Song by Paul McCartney

from the album McCartney III
- Released: 18 December 2020
- Recorded: Early 2020
- Studio: Hog Hill Mill (Icklesham, UK)
- Genre: Swamp blues
- Length: 5:16
- Label: Capitol
- Songwriter: Paul McCartney
- Producer: Paul McCartney

Music video
- "Long Tailed Winter Bird" on YouTube

= Long Tailed Winter Bird =

2020 song by Paul McCartney

"Long Tailed Winter Bird" is a song by English musician Paul McCartney, released by Capitol Records. The song is featured on McCartney's 2020 album McCartney III and was released on 18 December 2020.

== Recording ==
McCartney stated that the song began "as a piece of film music which I extended.

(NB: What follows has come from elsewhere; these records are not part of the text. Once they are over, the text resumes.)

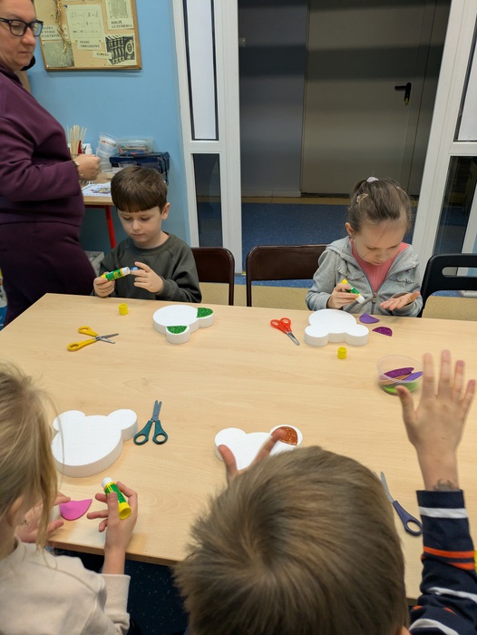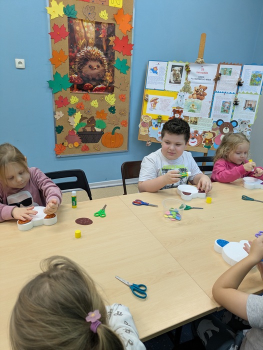 Dzieci z grupy Jeżyki odwiedziły dziś Miejską Bibliotekę Publiczną im. W. Reymonta. Pani bibliotekarka zorganizowała dla naszych dzieci warsztaty z okazji dnia pluszowego misia. Oprócz bajki o głodnym misiu pani przygotowała kilka zagadek dotyczących misiów ze znanych i mniej znanych bajek. Każde z dzieci wykonało także własnego misia. Bardzo dziękujemy za wspaniałe zajęcia!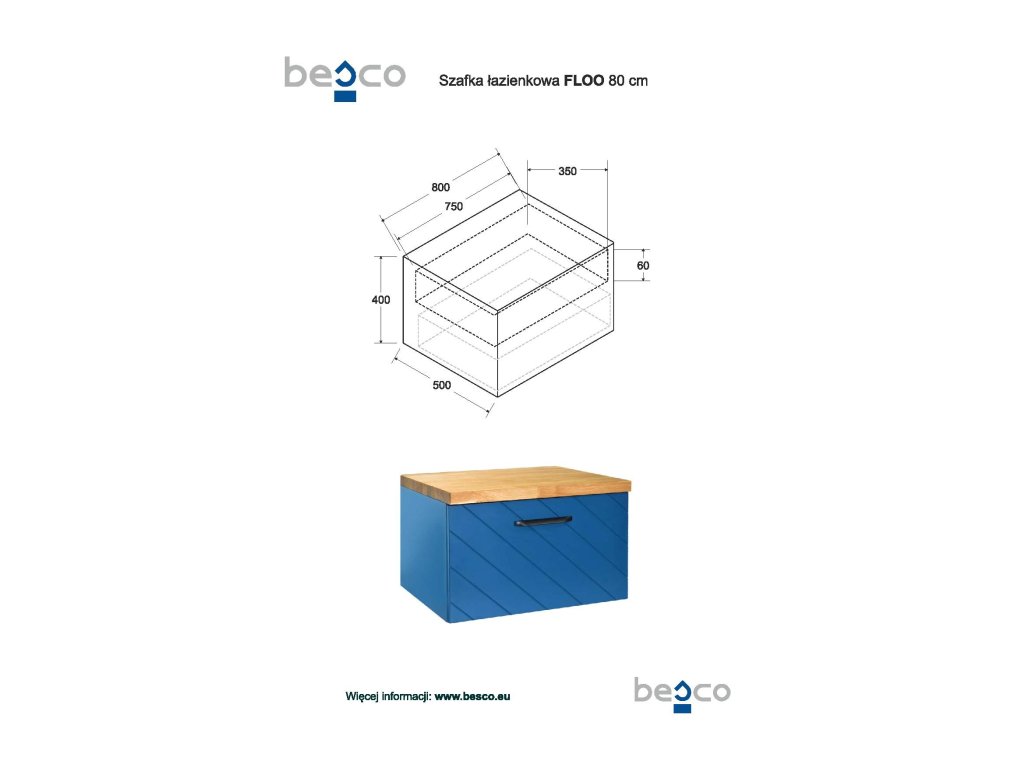 Populární elegantní design, široká barevná škála (čtyři barevné varianty - bílá matná, modrá matná, zelená matná a černá matná), kvalitní zpracování a moderní frézování na čele šuplíku, to je naše nová série FLOO. Součástí dvířek je i značkový tlumič dorazů pro tzv. tiché dovírání (soft-close). Nábytek dodáváme ve smontovaném stavu. Ke spodní skříňce si musíte doobjednat horní desku pod umyvadlo, kterou lze objednat ve třech barevných variantách (černá, mramor a dub).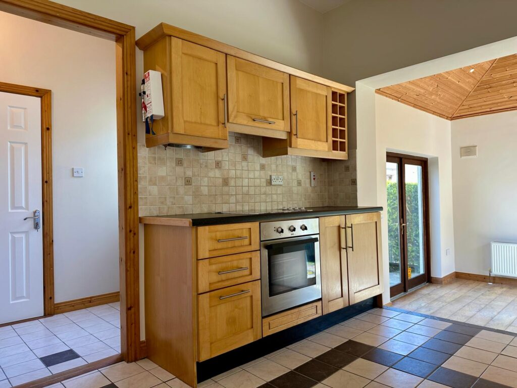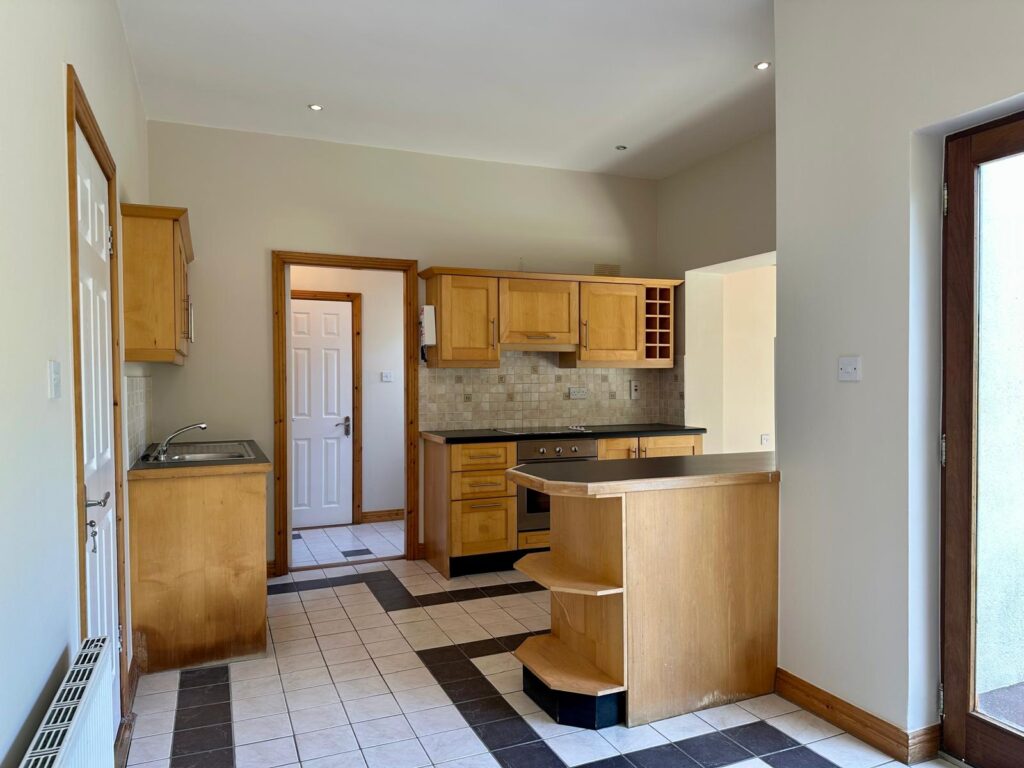 | Open Plan Kitchen/Dining Room | 5.67m (max) x 3.67m (max) | Tiled flooring throughout, from the dining area, double French doors leading down to the south facing patio, fully fitted kitchen with floor and eye level cabinets, stainless steel sink and drainers with tiled splashback, dishwasher, breakfast counter area with ample storage underneath and tiled splashback, Zanussi built in electric oven with a four-ring electric hob and extractor fan overhead. Three steps down to |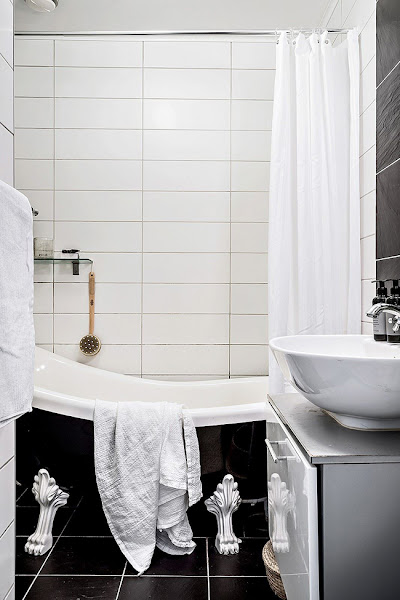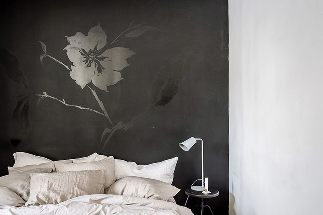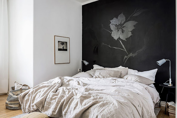 Incluso la composición de flores y plantas que hay sobre la mesa de centro del salón me parece de sobresaliente y una buena idea si ves tu salón un poco soso o sin vida. El resto de la casa es igual de bonito, y la pared del dormitorio sigue la atrevida tendencia de pintar todo de negro.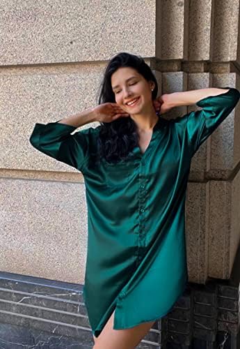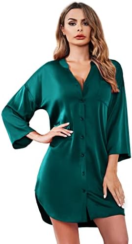 ?Material: The satin nightshirts with high quality fabric is soft, comfortable yet durable, skin-friendly and breathable ?Design: Silk sleepshirt featuring 3/4 sleeve, button down, v neck, side pocket, solid color, curved hem to make you relaxed and sexy. The front button is perfect for nursing moms, not only can protect your privacy, but also can make you more fashionable ?Botton down Sleep Shirts: Satin nightdress can be as maternity nursing nightgown. Perfect for breastfeeding, labor & delivery or nursing gown for postpartum women ?Boyfriend style: Sleepwear sexy silk nightshirts are suitable for most people's body shape,curved hem, loose fit & great length to make you relaxed and attractive ?Occasion: Pajama satin nightgowns is perfect for sleepwear, nightwear, loungwear, bride wedding, party, honeymoon nights, valentines day, date nights, bedroom, or special nights #25,566 in Clothing, Shoes & Jewelry ( ) #130 in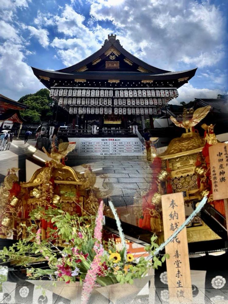 🏮①祇園祭〜八坂神社さんの舞殿〜今年の奉納献花(⑅︎•ॢ◡︎•ॢ).。*♥︎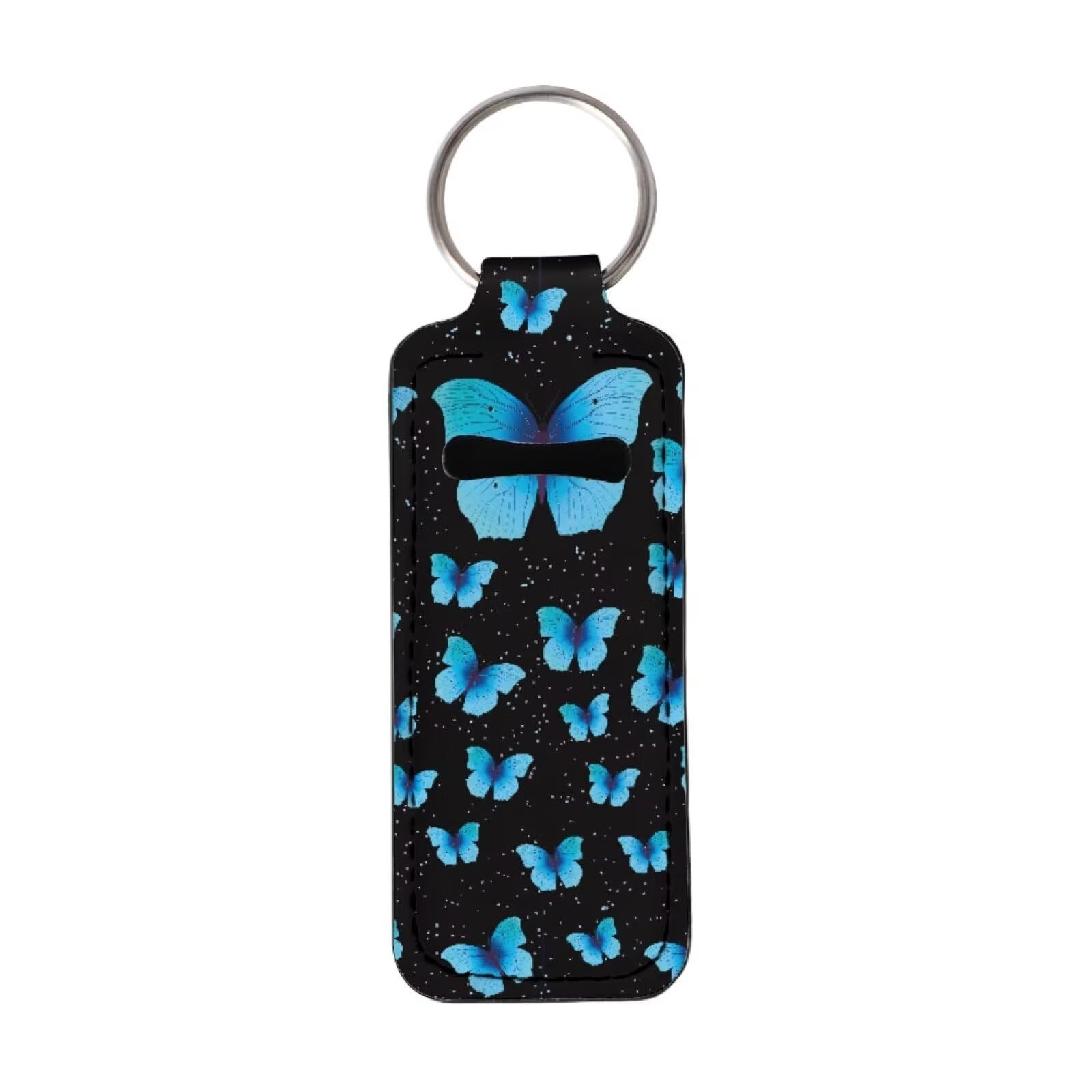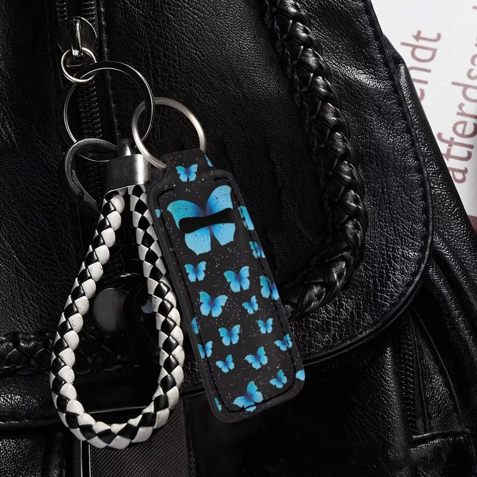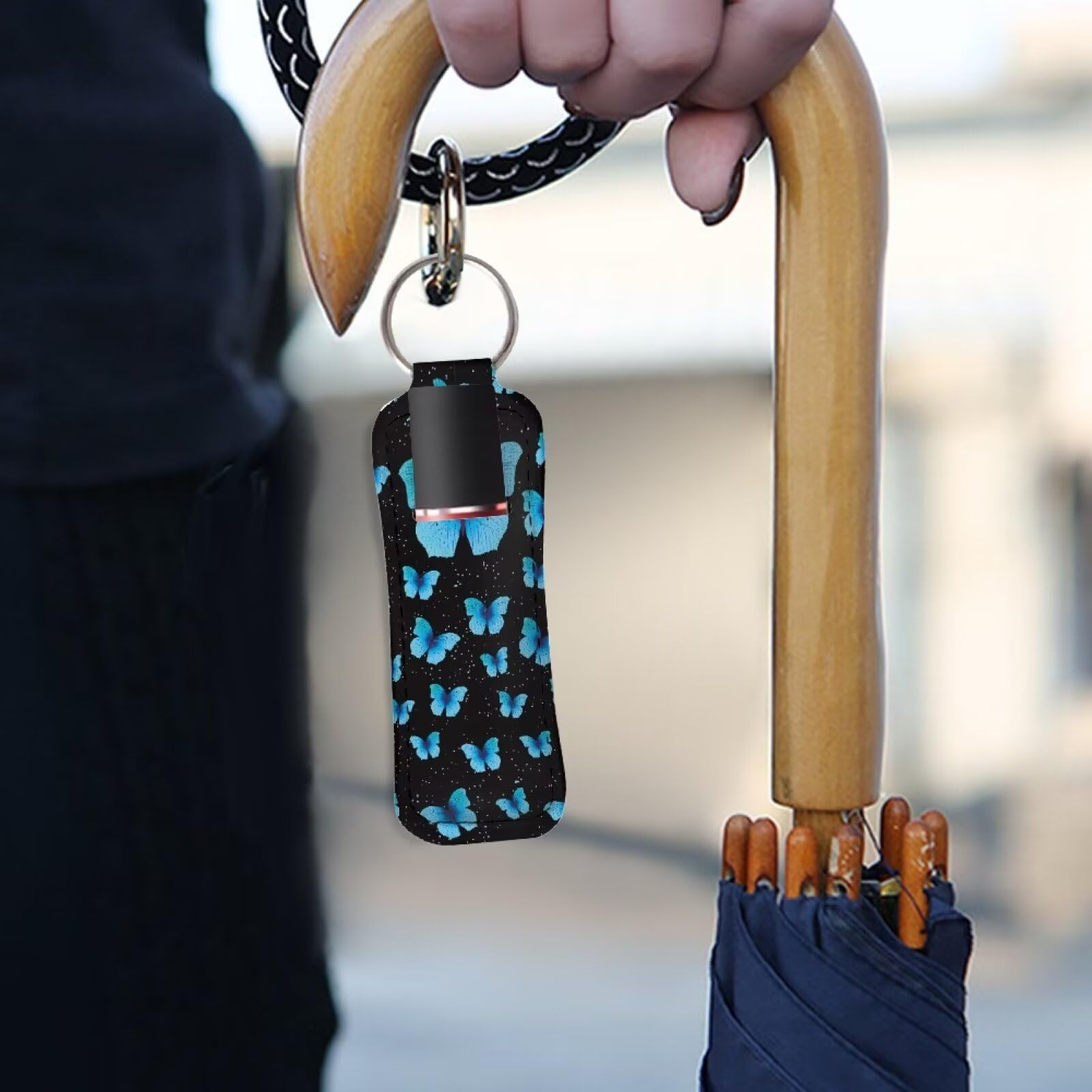 SEANATIVE Blue Butterfly Lipstick Keychain Holder for Women elegant Chapstick Sleeve Key Chain Durable Lip Gloss Holder Protective Case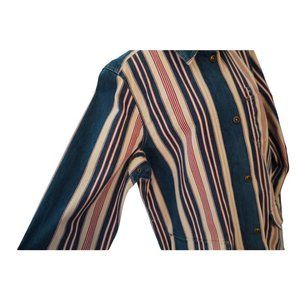 Made by the Lauren Jeans Company, this barn or chore style coat has a nautical theme to it. If it fit me, I would be keeping it for when I go boating! It is a sturdy heavy weight cotton twill in red, white and blue stripes.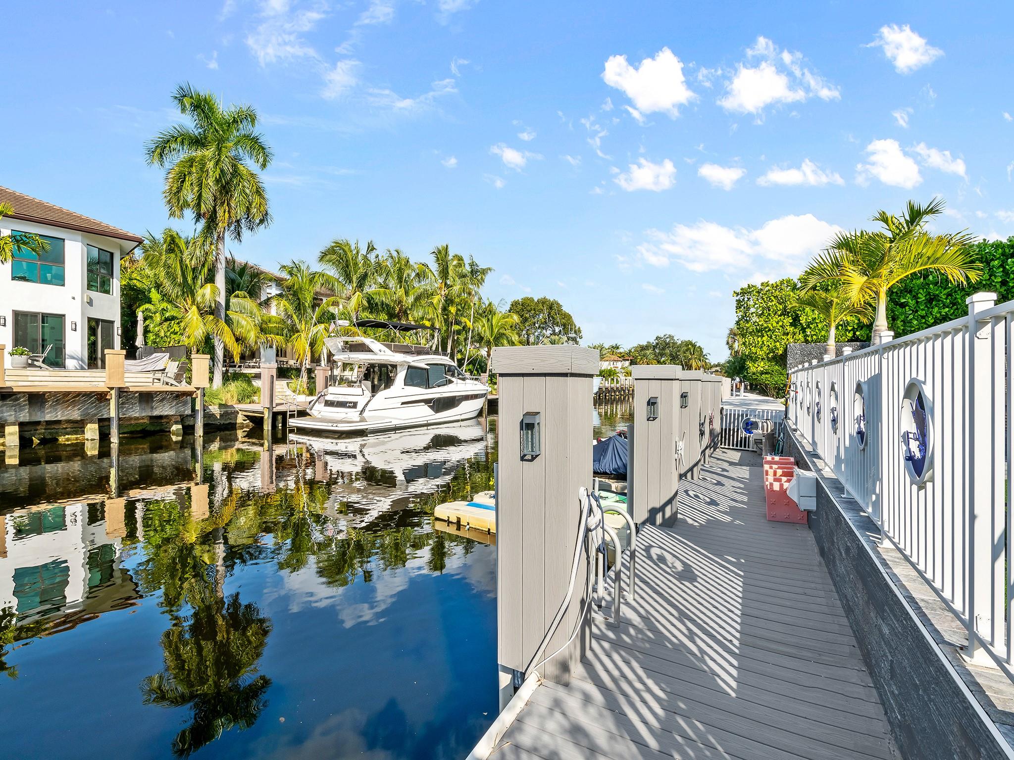 Ideal for the avid boater with deep water dockage & no fixed bridges to the Intracoastal & ocean. This exquisitely updated home is situated among mature trees that canopy on one of the most desirable streets in the coveted subdivision of Rio Vista. The luminous open floor plan is conducive to today's modern lifestyle offering multiple doorways blending indoor & outdoor living spaces. Enjoy S. Florida living by the waterside pool or exterior courtyard complete with a summer kitchen & outdoor fire wall. The culinary kitchen will inspire the those who enjoy cooking with upgraded appliances. The lavish primary suite offers a fireplace, 2 custom walk-in closets & spa inspired bathroom. $1Million gut renovation in 2014. Mins. to LYC, shopping, restaurants, gyms & more. Sq ft from IMAPP.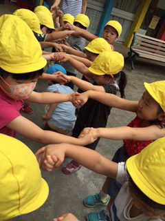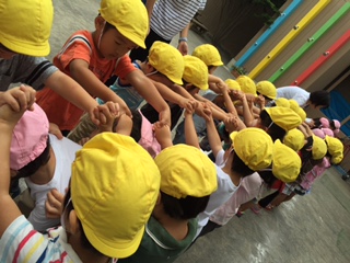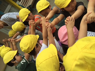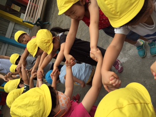 『トンネルのお返し…』いつもトンネルをしてくれる年長さんに、ゆり組さんがトンネルを作って、通ってもらいました。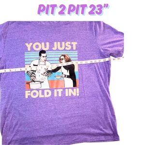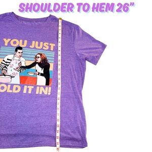 Vibrant purple tee with a fun graphic. Short sleeves. Casual and stylish.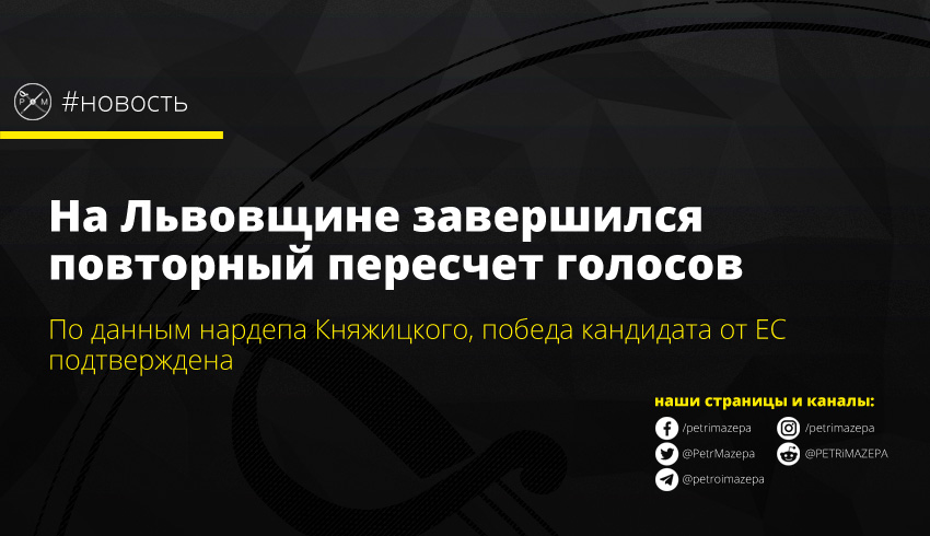 Информацию о том, что пересчет голосов подтвердил победу Михаила Бондаря, озвучил и львовский журналист Антон Борковский. Также он сообщил, что кандидат от «Слуги народа» Орест Кавецкий уже поздравил Бондаря, после чего покинул зал ОИК.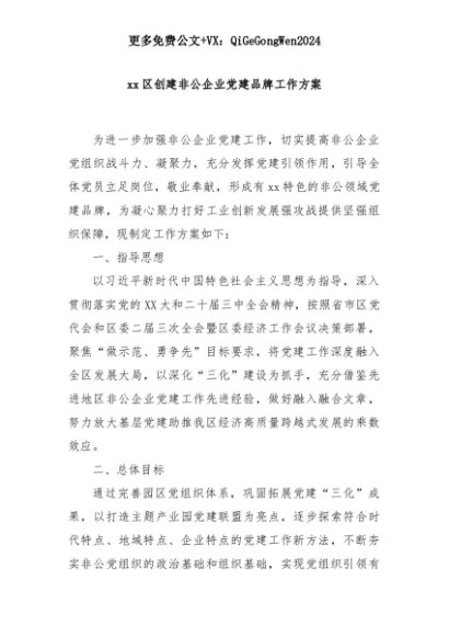 【七哥公文】2025年:xx区创建非公企业党建品牌工作方案+更多免费公文+VX:QiGeGongWen2024+更多免费公文+VX:QiGeGongWen2024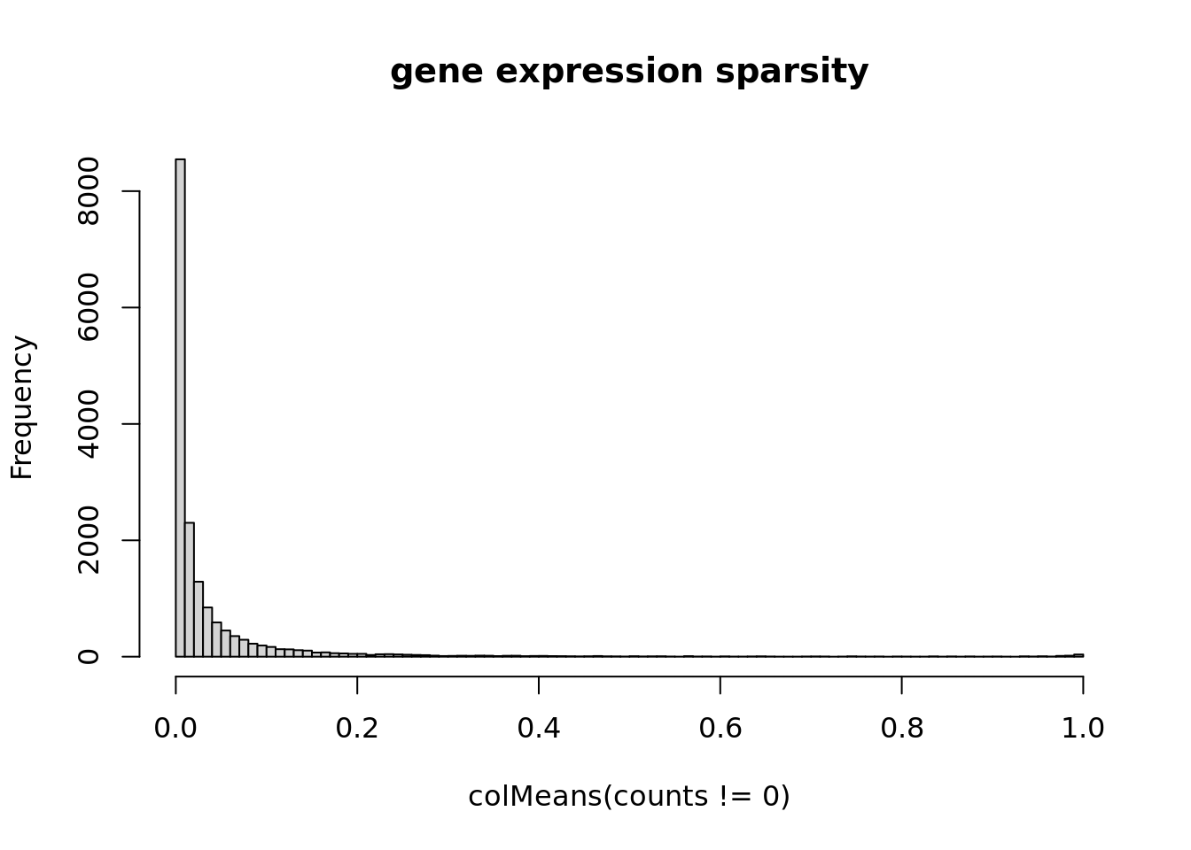 hist(colMeans(counts!=0),breaks = 100,main='gene expression sparsity')

The title came about because it was extended into a full length song, we just called it ‘Long Tailed Winter Bird’" and further noted that "there is actually in my bird book I saw a long tailed duck, a long tailed winter duck I think". The piece of film music in question was "Winter Bird" (also included on McCartney III), which McCartney noted he liked so much that after recording it he "then thought ‘OK let’s keep going’ and I started jamming on the same ideas but I lengthened it and then I started putting it on a guitar and drums and bass." Audio engineer Steve Orchard noted it was the first full song recorded during the album's sessions, stating there were "a couple of versions of the outro music that sort of morphed into this groove that Paul’s playing - the main acoustic riff in that... that was the beginning of the whole record, it kind of took us off on this route.”

== Critical reception ==
In his review of McCartney III in Rolling Stone, critic Rob Sheffield referred to the song as "marvelous", citing its "frenzied folk guitar" as a highlight. The Independent reviewer Helen Brown also praised the song, calling it an "exhilarating blast of swamp blues" and noted that its "finger-hammering fretwork and slam-strumming of the hypnotic, interwoven guitar patterns is so wild and vigorous that you'd never guess the man making it was well into the pandemic’s “vulnerable” demographic". NME reviewer Mark Beaumont echoed Brown's assessment of the song as "swamp blues" while adding that the song helped "to shroud [McCartney III] in a rootsy, pastoral intimacy fitting for the times".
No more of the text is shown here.